Calling them heroes cannot gild the lily. They are not willingly taking the risk. They are not willingly sacrificing their own safety for the sake of others. They are doing so because, like all workers deemed essential during this crisis, they are not allowed to choose. By the fortuity of being (often lowly regarded and poorly paid) health care workers, bus or train drivers, cleaners, warehouse workers, or cashiers, they are in a dilemma: they can quit and thereby protect themselves and their loved ones with whom they live and endure penury, or they can soldier on, take risks they would like to reject and have their loved ones take risks which they, in turn, never bargained-for. If they had not been classified as working in ‘essential’ services, all these workers, all these heroes, might have stood down. They might have been safer and eligible to apply to income replacement schemes. That is the key: before being called heroes, a decision was taken to label their workplaces ‘essential’, making them, as workers, justifiably subject to coercion.
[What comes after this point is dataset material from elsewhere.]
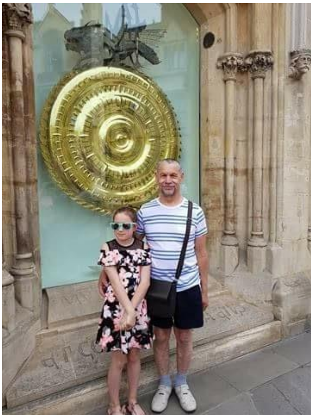
En la urbo Ipswich

In effect, the people labelled as heroes are being forced to be rescuers. Law has been turned on its head. Some might see this as a promising development: maybe we should all be forced to be rescuers. After all, in a decent society, there should be an obligation to fish that baby out of the puddle. But that misses the point. The thinking behind that rule—the rule that does not oblige anyone to rescue anyone else—is based on a logic that is crucial to capitalism. If people in need had a right to be rescued by others who have more talent or more wealth, then the owners of the means of production might have to share their wealth. There would be a push toward honouring Marx’s aspirational slogan, “From each according to his ability, to each according to his needs”. This is unacceptable to capitalism and will remain so after this pandemic is over. After all, capitalists want the principle, the one that says they owe no obligation to anyone in need, to be intact when it is all over. So, they need to hide the fact that they are waiving the rule when it suits them; that by labelling some workers essential and then calling them heroes, they are forcing some of the less well-off to serve the needs of others, a diktat no self-respecting red-blooded capitalist would ever accept.
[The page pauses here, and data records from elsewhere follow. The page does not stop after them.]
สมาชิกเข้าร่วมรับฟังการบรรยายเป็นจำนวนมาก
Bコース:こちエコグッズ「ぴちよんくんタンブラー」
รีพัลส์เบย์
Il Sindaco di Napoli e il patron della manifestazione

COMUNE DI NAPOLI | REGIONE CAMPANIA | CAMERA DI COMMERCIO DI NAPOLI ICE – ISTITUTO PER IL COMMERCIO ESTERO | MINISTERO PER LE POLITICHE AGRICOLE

Calling them heroes is a way to cajole these workers and perhaps to fool them and the rest of the public. The truth is they are being made sacrificial lambs on the altar of the public’s needs. The sincere thank yous, the banging of pots, and the like cannot hide the fact that, when the chips are down, Canada’s leaders are reacting as feudal lords did in 1351. That was the year when, during a catastrophic plague, the English feudal lords passed legislation forcing every person who did not own land or was a merchant or had a recognized craft, to work for any of those lords who asked them. What’s more, it also provided that these commanded workers should work for the wages that prevailed before the plague created such a high demand for their labour. No one called those compelled workers heroes. They were recognized as serfs. Eventually they rebelled, violently.

Harry Glasbeek is a Professor Emeritus and Senior Scholar, Osgoode Hall Law School, York University. His latest books are Class Privilege: How Law Shelters Shareholders and Coddles Capitalism (2107) and the follow-up, Capitalism: A Crime Story (2018) both published by Between the Lines, Toronto. Professor Glasbeek is a frequent contributor to Canadian Dimension.